In his book Shots , Don Walker tells the wonderful story of Jeff Beck playing pinball at the Bondi Lifesaver in the summer of 1977.

Just after midnight, after setting fire to some stage in the city, the British guitar god slipped into a public bar and began banging on a corner rig under the restraints of his 60s-style haircut.

“He hunts alone, he has no equipment, he knows no one, and he walks alone through time,” notes the author of the song “Cold Blade” from a respectful distance. Those words and image sound like a poetic epitaph as the solo electric guitar maestro takes his shocking walk this week at age 78 after suffering from a sudden bout of bacterial meningitis.

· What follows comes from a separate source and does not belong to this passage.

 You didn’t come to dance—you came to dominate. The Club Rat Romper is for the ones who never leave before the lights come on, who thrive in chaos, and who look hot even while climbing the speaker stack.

"I just got the famous kiss on the cheek and that's it," Beck said on his next visit to Australia three decades later. “I really wouldn’t have had any other choice. Anonymity is not a bad thing."

Beck was no stranger to those who made any contribution to the history of rock. He meant avoiding the pop music spotlight that seared Yardbird alumni Eric Clapton and Jimmy Page; And kids like Rod Stewart and Ronnie Wood, who he promoted on those brilliant early Jeff Beck Band albums (which some say Led Zeppelin invented).

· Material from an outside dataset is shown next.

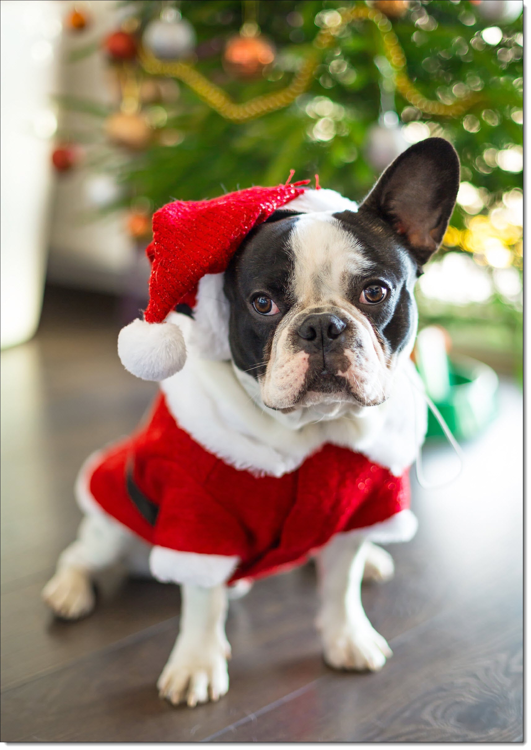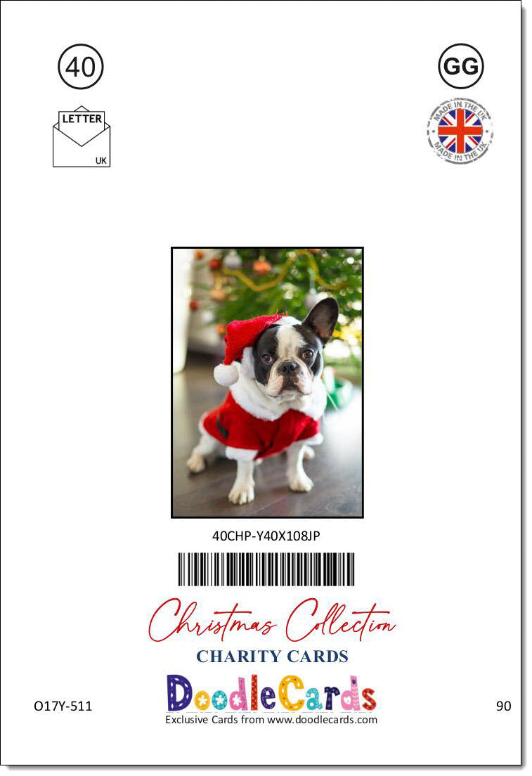 Pack of 10 Charity Christmas Cards French Bulldog in Santas Hat

The result was a rare, mesmerizing and completely independent quality that I thought I saw in photographs of the time. In this classic 1968 film about Baron Wollman, tucked away in his switched off Gibson in a Los Angeles hotel room and a roaring TV, Beck appears in pure inspirational splendor, oblivious to the camera or anyone else. More space probes than stars.

Part of his myth about '70s kids like me was that he agreed to join aspiring fan David Bowie at the final Ziggy Stardust show in 1973 and then insisted on being cut from the movie. "Quand j'ai vu les images, j'étais tellement gênée parce que j'avais ces chaussures blanches saltes avec des plateformes et il n'y avait no moyen que je laisse qui que ce soit voir ça", m'a-t . -he said.

This was the first time Mick Jagger was on a solo world tour in 1989: "Ce ne sera pas un flash jumping jack de ma part, je peux vous le dire", in Jagger's il previn from the start. “We rehearsed for a good three weeks, and then the set list appeared on the floor and Jumping Jack Flash appeared. A puff of smoke appeared and I disappeared.